袋に残っていた食べ物を夕食に当てながら今一度成果の確認をする。四つの浄化黒石──。あれから狼の物を最後に一つだけ採取して浄化は止めていた。
「狼の魔石は確実に過去のものより大きい。これだけでも一回り以上違う。純度も……かなり黒が濃い。濁ってもいないし、質が良いことは私の目でも明らか。これは……特上以上の査定がつくな。きっと過去にこのレベルの魔石が存在したんだろう」
これまで私が使っていた浄化は似非もいいところだった。それでも査定で特上がつくような質の魔石になるのだから……さすが浄化の女神。
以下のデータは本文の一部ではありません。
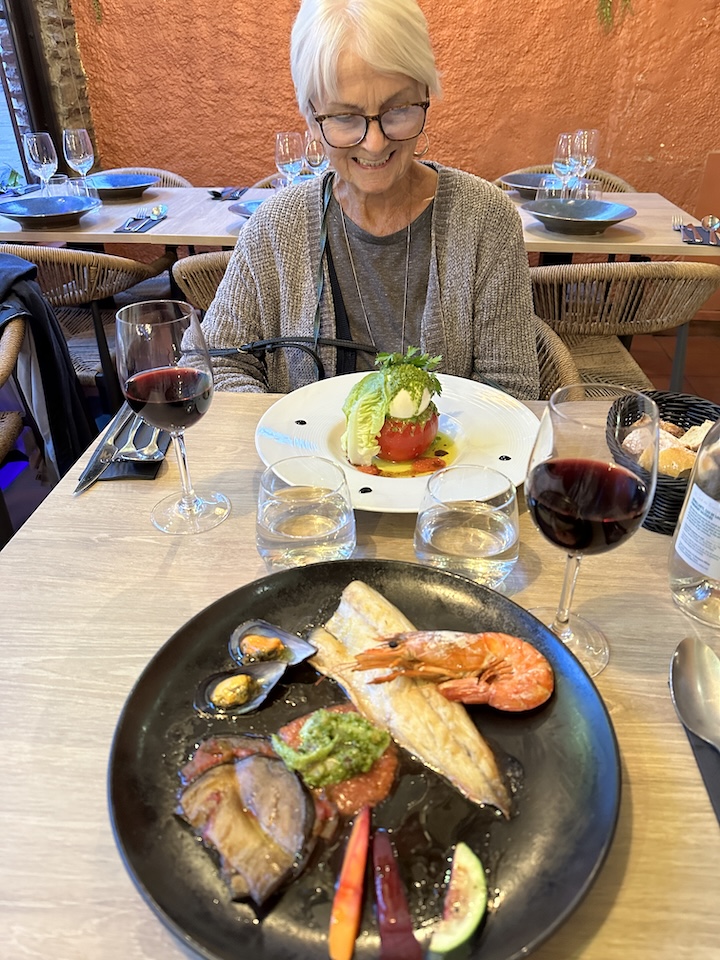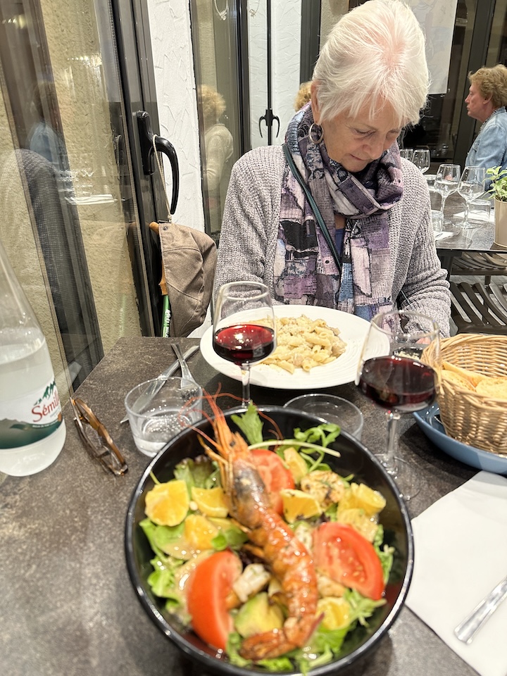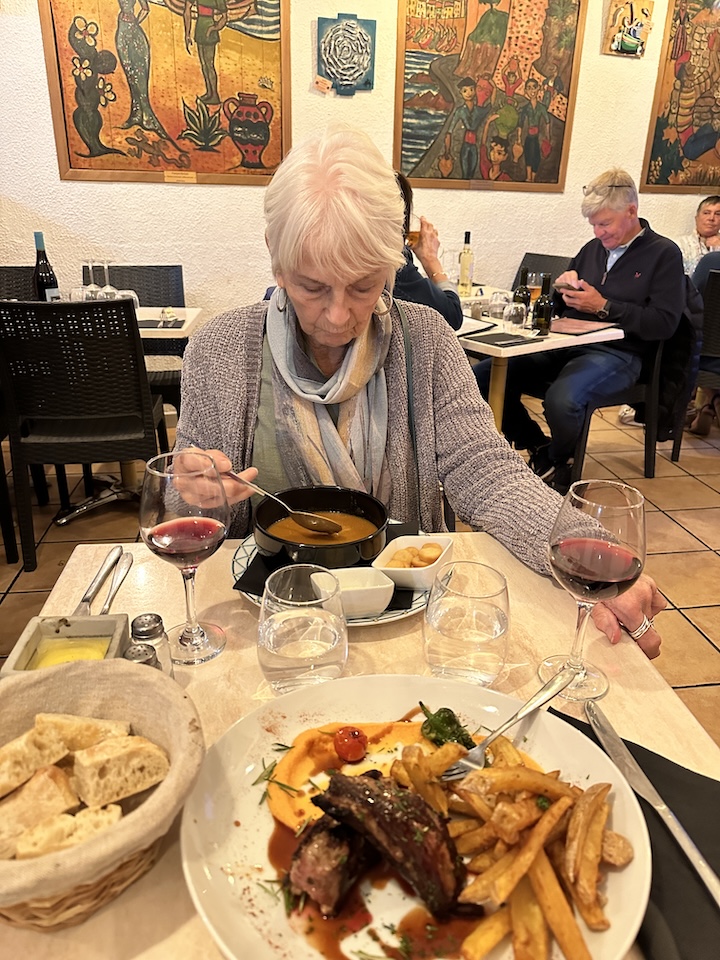 We’re hungry yet again after our nap and the day’s exercise and we embark on a quest for more of the fine food on offer in this little port town. And we follow that up with a pair of amber cognacs to relax into another gentle night in this peaceful village.

そして本物の《浄化》でこしらえた魔石は間違いなく極上品になるだろう。浄化真石もパイトに卸して間違いなく四、五十万以上の買い取りになるはずだが……今の私には大金を持ち歩く余裕がない。それに万が一にも真石の価値が跳ね上がったら、パイトから狙われることになるかもしれない……これは考えにくいけど。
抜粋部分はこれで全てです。